The woman had initially moved the Central Administrative Tribunal (CAT) for quashing orders whereby her request for maternity leave was turned down and converted into earned leave. Directions were also sought for sanctioning maternity leave by treating the newly born as her first child and to regularise the leave period.

The tribunal was told that it was her first marriage, while her husband had tied the knot for the second time after the death of his earlier wife. But the tribunal on January 29 rejected her plea for maternity leave from June 4, 2019, to November 30, 2019, compelling her to move the HC.

Assisted by counsel Dhiraj Chawla, the bench asserted that the petitioner’s claim that the child born to her was required to be treated as her first for the purpose of maternity leave was not admissible under the rule.

The bench added that the petitioner admittedly got the names of the children born from the first wedlock of her husband entered in the office record and availed child care leave on several occasions.
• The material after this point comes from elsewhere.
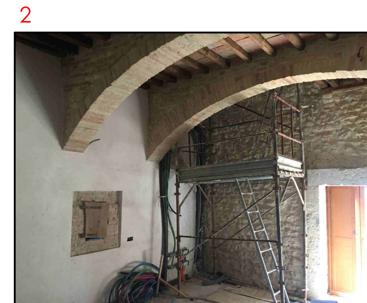
la zona dove deve essere realizzata la scala di collegamento ove era già presente l'apertura nei due solai sovrastanti

“We are of the considered view that CAT has rightly observed in the impugned order that “…for all practical purposes, the applicant has two surviving children. As such, any child born to her now can only be considered as a third child,”’ the bench asserted, adding that it did not find any perversity or illegality in the impugned orders.


Judgment under Supreme Court scanner

The judgment, blurring the distinction between step and natural mother for the purpose of granting maternity leave, is currently under the Supreme Court scanner and will come up for hearing on September 7. Notices have already been issued to the employer and other respondents in this regard.